**Exercise objective:** Your response to the data below should hold nothing except the lines from the one containing "1.通過(guò)3,5-二" down to the one containing "This paper presents", reproduced exactly and without pictures.

Material provided below:

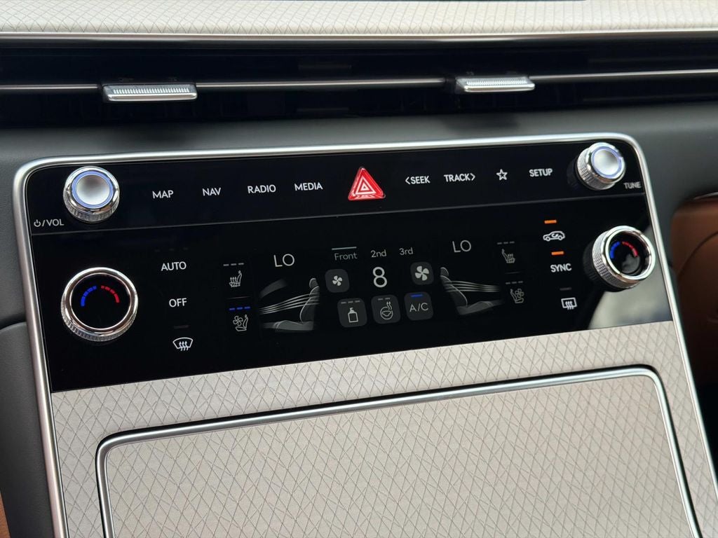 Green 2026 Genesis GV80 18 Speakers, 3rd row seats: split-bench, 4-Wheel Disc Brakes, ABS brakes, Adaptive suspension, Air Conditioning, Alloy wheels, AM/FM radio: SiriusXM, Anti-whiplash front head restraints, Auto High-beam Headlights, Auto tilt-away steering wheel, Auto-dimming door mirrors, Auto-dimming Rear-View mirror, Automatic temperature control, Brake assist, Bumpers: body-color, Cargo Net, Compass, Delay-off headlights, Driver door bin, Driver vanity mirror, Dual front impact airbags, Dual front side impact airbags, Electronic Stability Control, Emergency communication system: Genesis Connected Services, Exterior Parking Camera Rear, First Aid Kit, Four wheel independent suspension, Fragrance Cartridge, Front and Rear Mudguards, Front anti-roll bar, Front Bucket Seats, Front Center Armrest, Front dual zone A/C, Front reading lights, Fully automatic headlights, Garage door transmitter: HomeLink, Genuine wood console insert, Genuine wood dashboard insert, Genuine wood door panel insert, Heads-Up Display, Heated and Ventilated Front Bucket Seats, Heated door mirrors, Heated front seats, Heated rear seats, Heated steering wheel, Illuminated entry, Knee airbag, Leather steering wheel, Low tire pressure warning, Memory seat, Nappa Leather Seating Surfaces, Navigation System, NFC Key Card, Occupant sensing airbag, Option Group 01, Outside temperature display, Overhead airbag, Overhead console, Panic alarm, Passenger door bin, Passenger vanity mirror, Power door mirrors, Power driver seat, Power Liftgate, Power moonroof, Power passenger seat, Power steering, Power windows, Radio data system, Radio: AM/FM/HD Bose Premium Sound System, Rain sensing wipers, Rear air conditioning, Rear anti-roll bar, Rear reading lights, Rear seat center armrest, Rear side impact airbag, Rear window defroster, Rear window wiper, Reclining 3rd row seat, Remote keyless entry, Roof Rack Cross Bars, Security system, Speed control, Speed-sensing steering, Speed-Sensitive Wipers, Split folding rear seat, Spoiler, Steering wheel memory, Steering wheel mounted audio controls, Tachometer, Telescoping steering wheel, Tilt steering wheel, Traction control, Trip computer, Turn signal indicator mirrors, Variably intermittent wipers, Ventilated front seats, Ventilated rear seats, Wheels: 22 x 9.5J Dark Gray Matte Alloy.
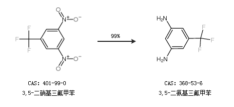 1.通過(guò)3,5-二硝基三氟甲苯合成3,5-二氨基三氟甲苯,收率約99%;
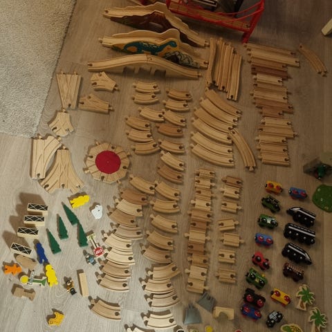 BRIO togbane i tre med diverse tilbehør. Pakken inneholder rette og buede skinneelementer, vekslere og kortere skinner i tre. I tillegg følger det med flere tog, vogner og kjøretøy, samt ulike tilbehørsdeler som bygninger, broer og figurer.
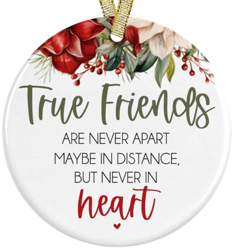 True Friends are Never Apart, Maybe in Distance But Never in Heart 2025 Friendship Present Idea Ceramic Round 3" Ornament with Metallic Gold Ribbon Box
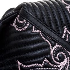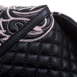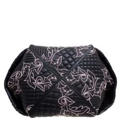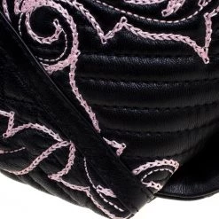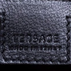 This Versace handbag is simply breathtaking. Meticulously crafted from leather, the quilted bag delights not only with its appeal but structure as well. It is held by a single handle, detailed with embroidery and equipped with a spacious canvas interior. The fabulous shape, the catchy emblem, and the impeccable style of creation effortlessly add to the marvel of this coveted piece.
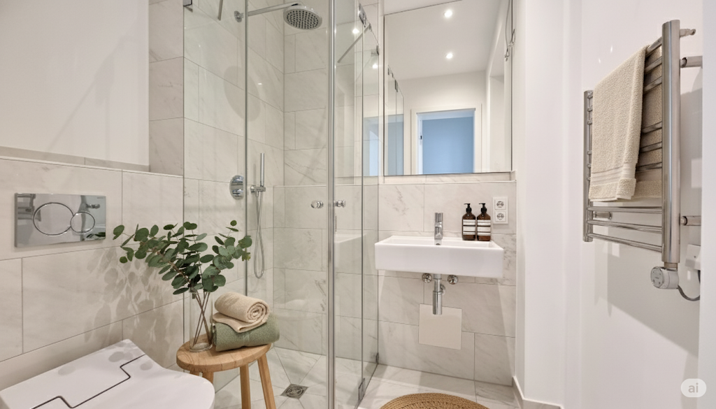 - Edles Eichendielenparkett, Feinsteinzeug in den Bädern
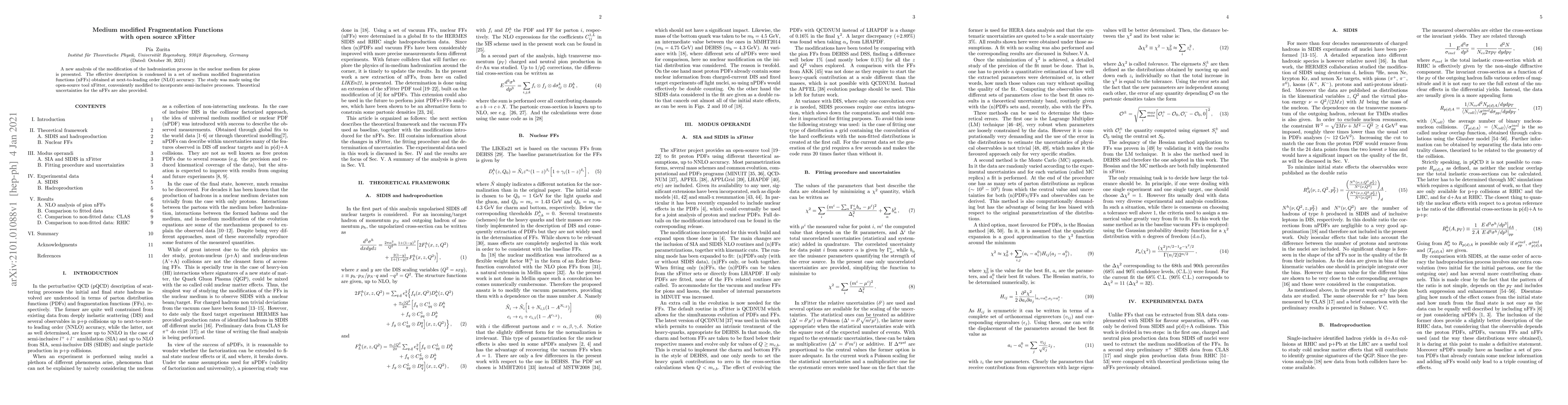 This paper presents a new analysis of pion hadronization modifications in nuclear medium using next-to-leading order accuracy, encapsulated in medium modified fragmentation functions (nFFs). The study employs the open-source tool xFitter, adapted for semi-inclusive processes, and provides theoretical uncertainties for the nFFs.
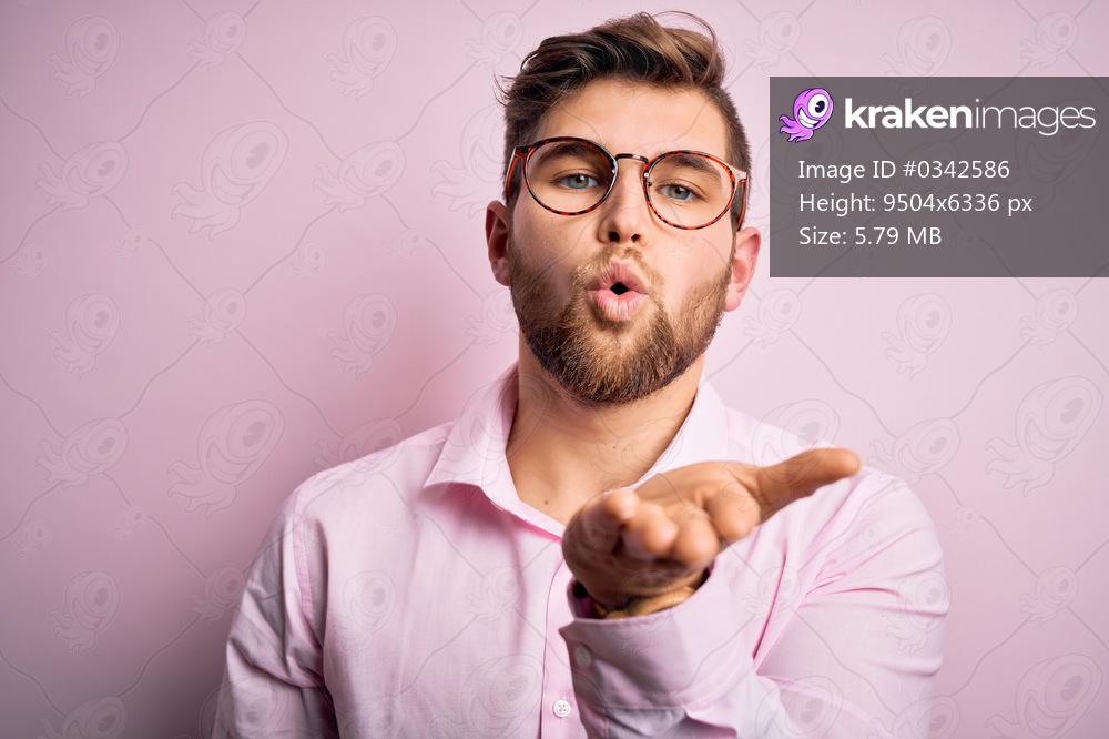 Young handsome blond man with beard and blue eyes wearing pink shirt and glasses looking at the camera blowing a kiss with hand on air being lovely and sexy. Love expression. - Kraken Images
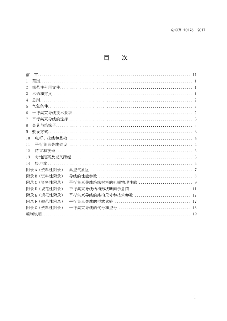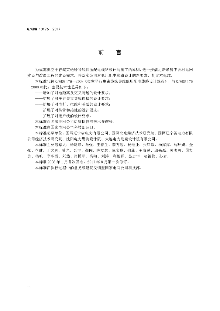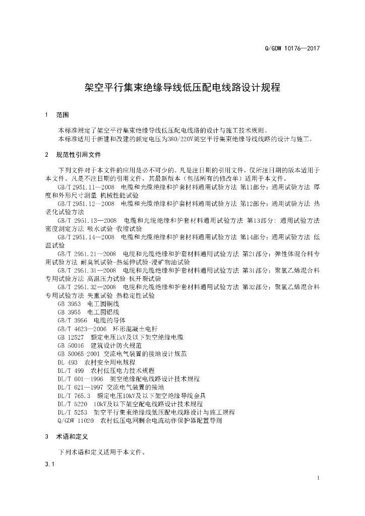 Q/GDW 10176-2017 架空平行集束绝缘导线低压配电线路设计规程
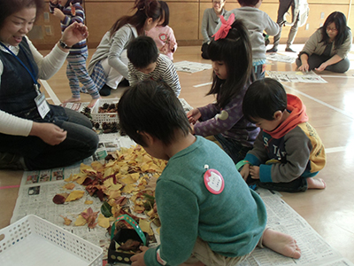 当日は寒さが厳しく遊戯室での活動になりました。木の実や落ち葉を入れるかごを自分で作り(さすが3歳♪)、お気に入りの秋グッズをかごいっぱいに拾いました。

End of Material provided.
Material provided below:

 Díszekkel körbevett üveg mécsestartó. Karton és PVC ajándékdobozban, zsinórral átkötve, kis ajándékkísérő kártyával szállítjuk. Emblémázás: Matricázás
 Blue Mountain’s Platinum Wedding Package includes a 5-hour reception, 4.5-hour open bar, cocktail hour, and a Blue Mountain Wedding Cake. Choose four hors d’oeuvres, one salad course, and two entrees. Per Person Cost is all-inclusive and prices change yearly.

End of Material provided.

**Task output:**
 1.通過(guò)3,5-二硝基三氟甲苯合成3,5-二氨基三氟甲苯,收率約99%;
 BRIO togbane i tre med diverse tilbehør. Pakken inneholder rette og buede skinneelementer, vekslere og kortere skinner i tre. I tillegg følger det med flere tog, vogner og kjøretøy, samt ulike tilbehørsdeler som bygninger, broer og figurer.
 True Friends are Never Apart, Maybe in Distance But Never in Heart 2025 Friendship Present Idea Ceramic Round 3" Ornament with Metallic Gold Ribbon Box
 This Versace handbag is simply breathtaking. Meticulously crafted from leather, the quilted bag delights not only with its appeal but structure as well. It is held by a single handle, detailed with embroidery and equipped with a spacious canvas interior. The fabulous shape, the catchy emblem, and the impeccable style of creation effortlessly add to the marvel of this coveted piece.
 - Edles Eichendielenparkett, Feinsteinzeug in den Bädern
 This paper presents a new analysis of pion hadronization modifications in nuclear medium using next-to-leading order accuracy, encapsulated in medium modified fragmentation functions (nFFs). The study employs the open-source tool xFitter, adapted for semi-inclusive processes, and provides theoretical uncertainties for the nFFs.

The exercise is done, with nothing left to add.